2. The battery integrated information detection system according to claim 1, characterized in that: the acquisition circuit (6) comprises a voltage and current conditioning circuit (7), a multi-channel analog switch (8), a V/I conversion circuit (9), an I/V conversion circuit (10) and an A/D acquisition circuit (11), wherein the voltage and current conditioning circuit (7), the multi-channel analog switch (8), the V/I conversion circuit (9), the I/V conversion circuit (10) and the A/D acquisition circuit (11) are sequentially connected.

3. The battery integrated information detection system according to claim 1, characterized in that: the DSP main controller (2) is also connected with a display module (12).

4. The battery integrated information detection system according to claim 1, characterized in that: the DSP main controller (2) is connected with a keyboard (13).

5. The battery integrated information detection system according to claim 1, characterized in that: the first single chip microcomputer (31), the second single chip microcomputer (32), the third single chip microcomputer (33), the fourth single chip microcomputer (34), the fifth single chip microcomputer (35), the sixth single chip microcomputer (36), the seventh single chip microcomputer (37) and the eighth single chip microcomputer (38) are connected with the DSP main controller (2) through CAN communication.

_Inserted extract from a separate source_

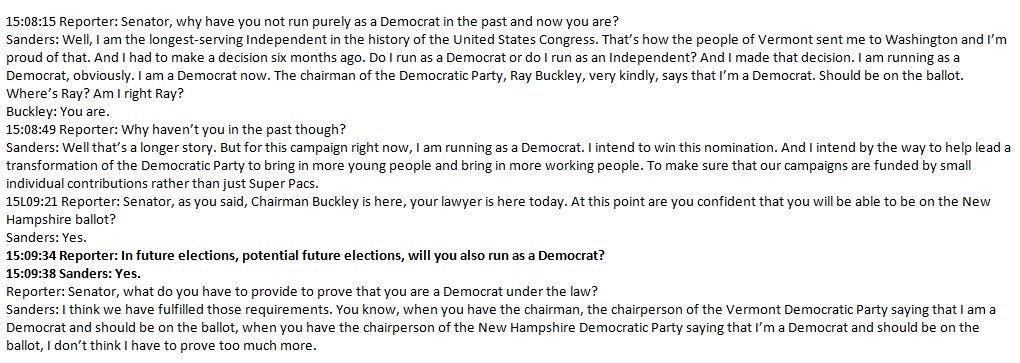 “I'm a Democrat and should be on the ballot, I don't think I need to say too much more,” Sanders said.

6. The battery integrated information detection system according to claim 1, characterized in that: the first assembly (41), the second assembly (42), the third assembly (43), the fourth assembly (44), the fifth assembly (45), the sixth assembly (46), the seventh assembly (47) and the eighth assembly (48) are all provided with 64 detection points.

7. The battery integrated information detection system according to claim 1, characterized in that: the lead (5) is also connected with an electronic load (14).